_Source material_
______________________________
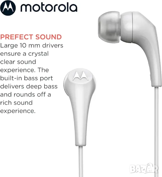 СЛУШАЛКИ С МИКРОФОН: Слушалките Motorola с кабел са проектирани с мисъл за удобство, силна акустика и преносимост. Тези слушалки за поставяне в ушите ви осигуряват прилягането, което очаквате от традиционните слушалки в дизайн, оформен за висококачествен звук.
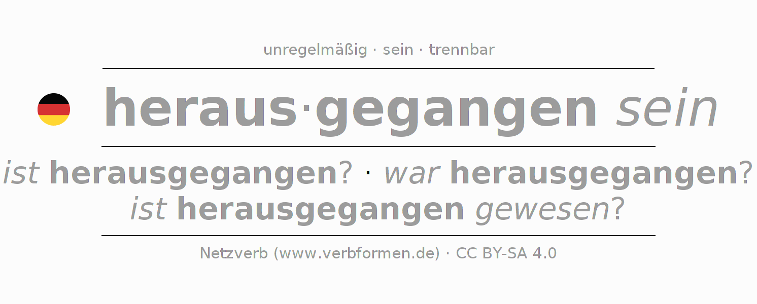 - Präsens: bin ich herausgegangen?, bist du herausgegangen?, ist er herausgegangen?, sind wir herausgegangen?, seid ihr herausgegangen?, sind sie herausgegangen?
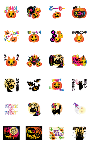 ラッキーレインボークローバーで運気も上がる!?毎日使えるキュートなハロウィンスタンプ!ジャックオランタンや黒猫がドキドキワクワクハロウィンムードを高めます!
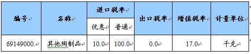 粉煤灰烧结陶粒计入税则号69149000,以下是其他陶制品进出口税率表,由于国家海关对粉煤灰烧结陶粒没有单独分类统计,因此进出口数量及金额没有精确统计,但是从我国市场状况来看,国内产品部分出口到海外地区。
______________________________
Print the preceding material over again exactly. Please leave the pictures out.

 СЛУШАЛКИ С МИКРОФОН: Слушалките Motorola с кабел са проектирани с мисъл за удобство, силна акустика и преносимост. Тези слушалки за поставяне в ушите ви осигуряват прилягането, което очаквате от традиционните слушалки в дизайн, оформен за висококачествен звук.
 - Präsens: bin ich herausgegangen?, bist du herausgegangen?, ist er herausgegangen?, sind wir herausgegangen?, seid ihr herausgegangen?, sind sie herausgegangen?
 ラッキーレインボークローバーで運気も上がる!?毎日使えるキュートなハロウィンスタンプ!ジャックオランタンや黒猫がドキドキワクワクハロウィンムードを高めます!
 粉煤灰烧结陶粒计入税则号69149000,以下是其他陶制品进出口税率表,由于国家海关对粉煤灰烧结陶粒没有单独分类统计,因此进出口数量及金额没有精确统计,但是从我国市场状况来看,国内产品部分出口到海外地区。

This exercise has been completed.